The winds of change are blowing as we move further into 2017. A new political party has taken up residence in the White House, as control of the executive branch changed hands for the first time in 8 years. With it brings new policy direction surrounding social welfare, foreign policy, taxation, regulation and fiscal spending. While it’s difficult to predict with confidence exactly how things will eventually unfold, change appears inevitable.
Momentum in the economy is beginning to build. 4th quarter GDP was revised up to 2.1%, while 2017 and 2018 forecasts have been steadily rising, despite a traditionally weak first quarter. Consumer sentiment remains healthy, thanks to the improving labor market and growing wages. Corporations are starting to spend on capital projects again, buoyed by the potential for tax relief, fiscal stimulus and deregulation. Reflation is finally beginning to take hold after years of low inflation both domestically and abroad.

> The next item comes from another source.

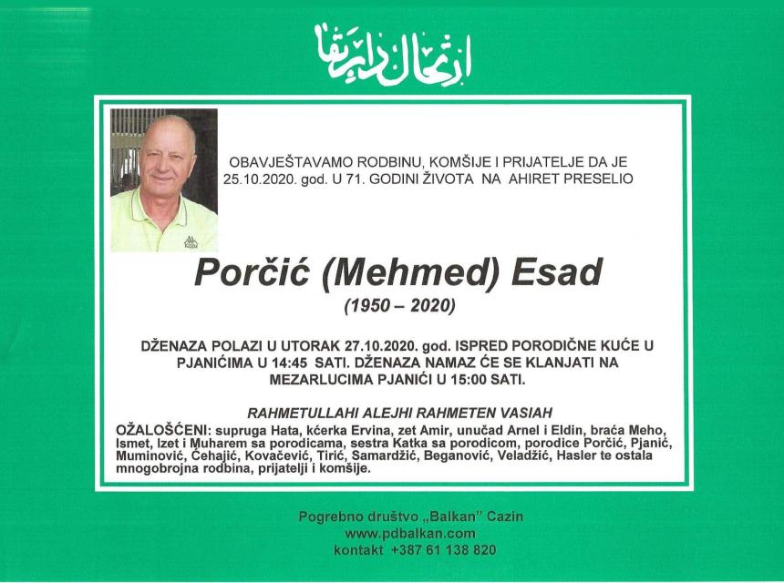 Tužnog srca i s bolom u duši obavještavamo rodbinu, komšije i prijatelje da je naš dragi Porčić (Mehmed) Esad 25. oktobra 2020. godine, u 71. godini života, preselilo na Ahiret.

Change is also taking place at the Federal Reserve, as members undertake the tenuous process of normalizing monetary policy. In late March, the Fed raised rates by a quarter point for only the 3rd time since before the 2008 financial crisis. Furthermore, the FOMC has communicated the potential for as many as three additional rate hikes later this year. In addition, the Federal Reserve has floated the idea that they could soon begin reducing the size of their balance sheet as part of the normalization process.
Traditionally, any monetary tightening by the Fed has been viewed with skepticism by capital market participants. However, the gradual shift from excessively accommodative monetary policy appears to have been interpreted positively by investors, given the rise in equity markets and the steepening yield curve. Moving from negative real rates to modestly positive rates can be healthy and supportive of the economy and markets by allowing the financial system to function more efficiently. Also promising is the possibility of fiscal stimulus supporting economic growth, which would relieve some of the burden monetary policy has had to bear alone for the past several years.

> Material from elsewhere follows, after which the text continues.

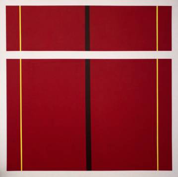 The general impression is almost graphic, characterized by large surfaces and vertical and horizontal lines. Rotboll Lassen has moved in the direction of the empty space, where monochrome color-surfaces dominate the canvasses, and she seems to be focussed on how little is actually necessary. Empty space and the non-narrative aspect make the paintings more open in relationship to the observer. You can think with the picture, instead of having everything spelled out. Kirsten Rotboll Lassen mixes elements from art history and small everyday details (like the pattern on a window shade seen in passing) with elements she has made up herself.

Equity markets began the New Year on a strong note. Investors seem reenergized by the potential combination of pro-business policy changes. While we’ve been in a corporate profit recession for nearly two years now, it finally appears to be over. The final revision of 4th quarter GDP showed that economy-wide, corporate profits have grown in back-to-back quarters for the first time since the second half of 2014. While the actual number was relatively small, the trend bodes well for the private sector’s ability to invest capital in labor, equipment and structures in the near to medium term.
Several factors are supporting the profit reacceleration, including stronger economic growth, a resurgence in the energy sector and stabilizing foreign currency markets. The prospects of corporate tax reform, combined with industry deregulation, are inspiring confidence in company board rooms. Collectively, these should encourage continued private-sector investment and activity, which will strengthen the virtuous loop of economic expansion.

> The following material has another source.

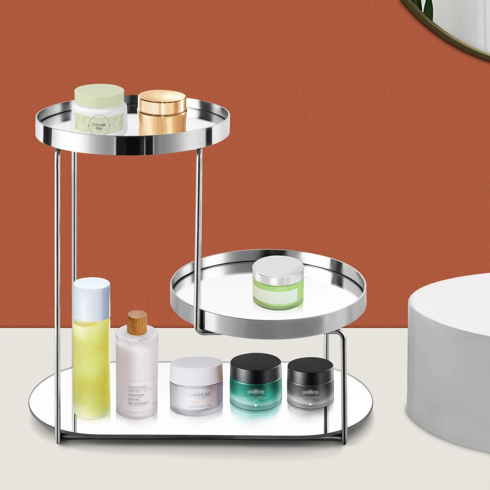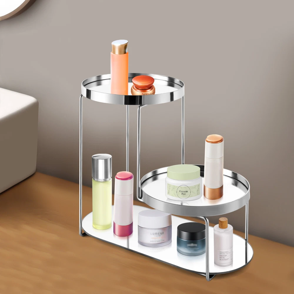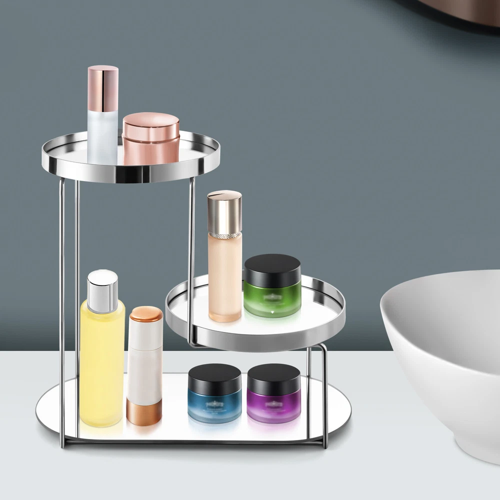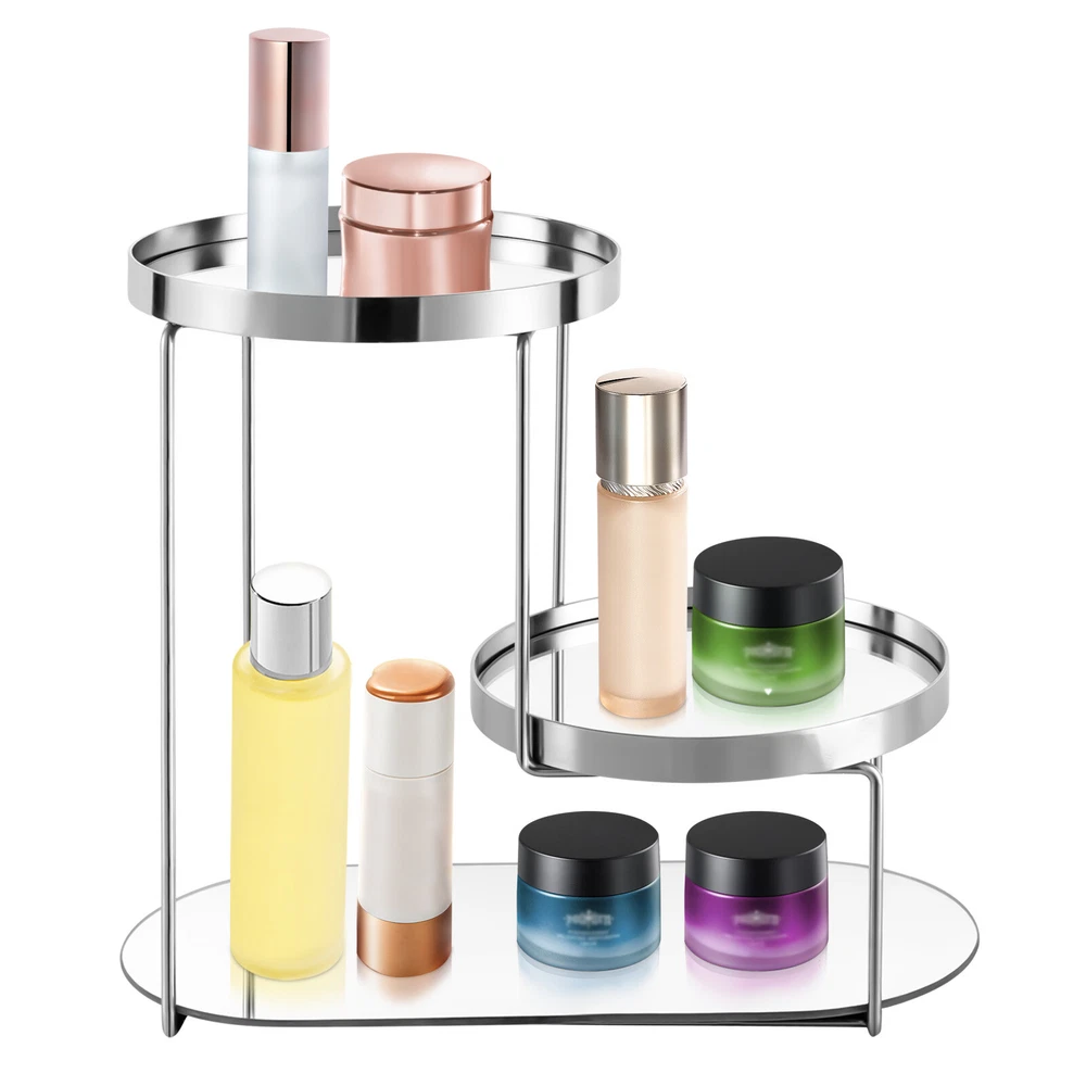 Silver Makeup Organizer Rack for Bathroom Countertop Display

Undoubtedly, there are risks to this narrative. Expectations and optimism are running high regarding policy changes, so any perceived disappointment could shake investors’ confidence and derail the rally. There are also risks to the markets playing out in Europe as pivotal elections take place in France, Germany and Italy, and the UK begins the process of pulling out of the European Union. Not to mention other geopolitical hot spots around the globe. But for now, the economic cycle that began nearly nine years ago seems to have found a second wind.
While talk of policy changes is encouraging, the implementation could prove to be more difficult than many believe. Richly valued stocks are more susceptible to market risk in the form of policy execution disappointment. Now, as is always the case, it is important that portfolios remain broadly diversified across economic sectors and sub asset classes. Attractive valuations are harder to uncover, but can still be found in both domestic and international equities.
For the most part, rates have held the gains achieved over the last couple of quarters. Inflation is slowly starting to pick up and we are seeing these revised expectations play out in the steeper yield curve. We are maintaining an average duration of below five years, but will adjust this tactical stance if rates continue to rise.